━━━ Data for the task

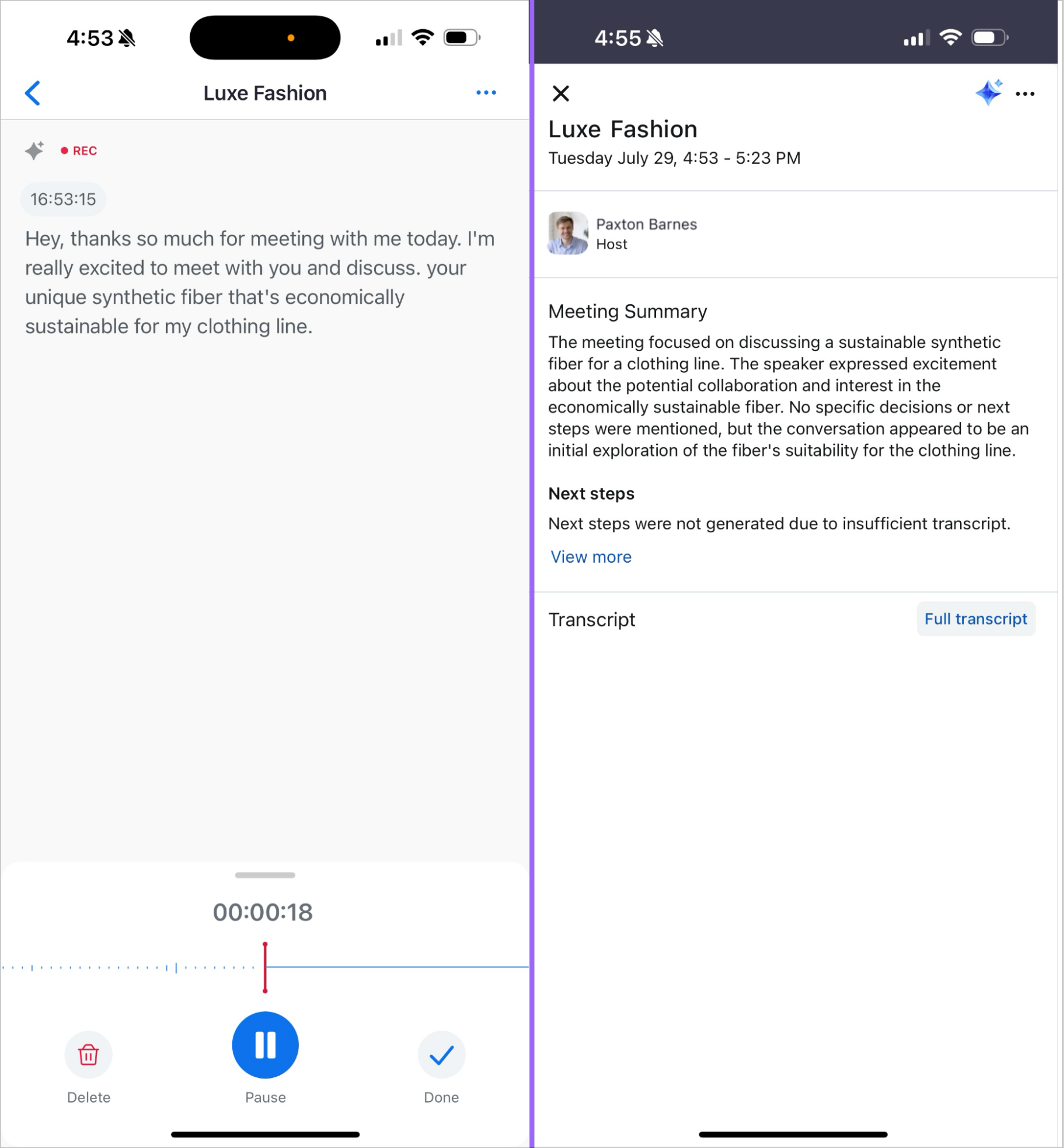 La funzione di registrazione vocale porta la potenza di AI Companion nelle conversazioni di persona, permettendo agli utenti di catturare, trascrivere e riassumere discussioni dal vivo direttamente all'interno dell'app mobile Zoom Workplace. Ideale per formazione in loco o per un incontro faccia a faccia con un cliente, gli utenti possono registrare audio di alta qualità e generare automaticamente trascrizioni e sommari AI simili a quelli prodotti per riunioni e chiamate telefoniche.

━━━━━━
━━━ Data for the task

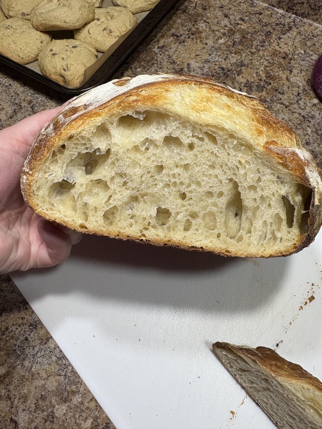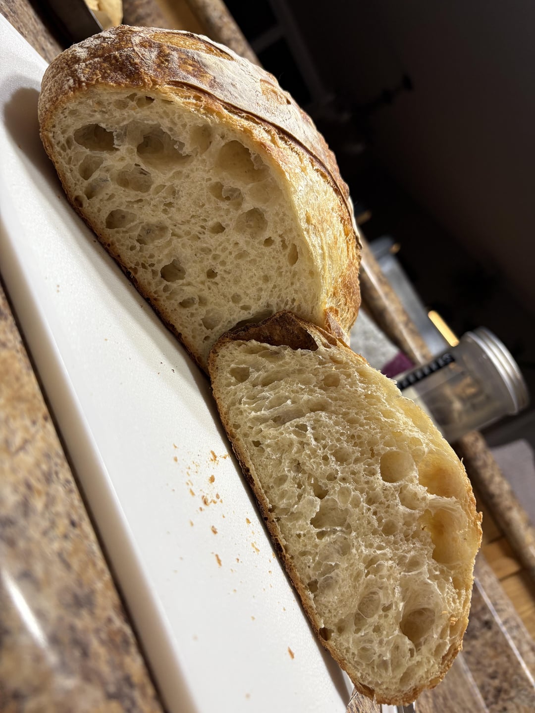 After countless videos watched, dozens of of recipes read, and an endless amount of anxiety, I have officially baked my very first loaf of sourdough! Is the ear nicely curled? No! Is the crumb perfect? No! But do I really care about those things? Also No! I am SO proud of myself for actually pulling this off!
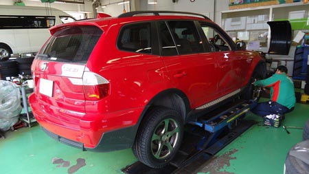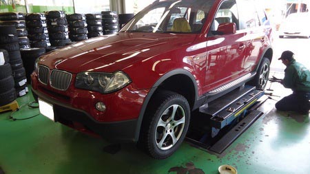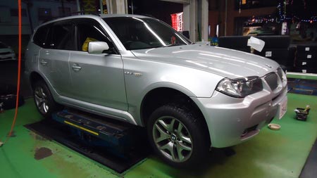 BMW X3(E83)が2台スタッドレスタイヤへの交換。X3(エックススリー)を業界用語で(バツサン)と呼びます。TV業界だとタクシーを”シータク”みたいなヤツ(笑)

━━━━━━

Task - Print the line above containing "After countless videos", the line containing "BMW X3(E83)が2台", and everything between them, exactly as written. Pictures stay out.

Solved problem -
 After countless videos watched, dozens of of recipes read, and an endless amount of anxiety, I have officially baked my very first loaf of sourdough! Is the ear nicely curled? No! Is the crumb perfect? No! But do I really care about those things? Also No! I am SO proud of myself for actually pulling this off!
 BMW X3(E83)が2台スタッドレスタイヤへの交換。X3(エックススリー)を業界用語で(バツサン)と呼びます。TV業界だとタクシーを”シータク”みたいなヤツ(笑)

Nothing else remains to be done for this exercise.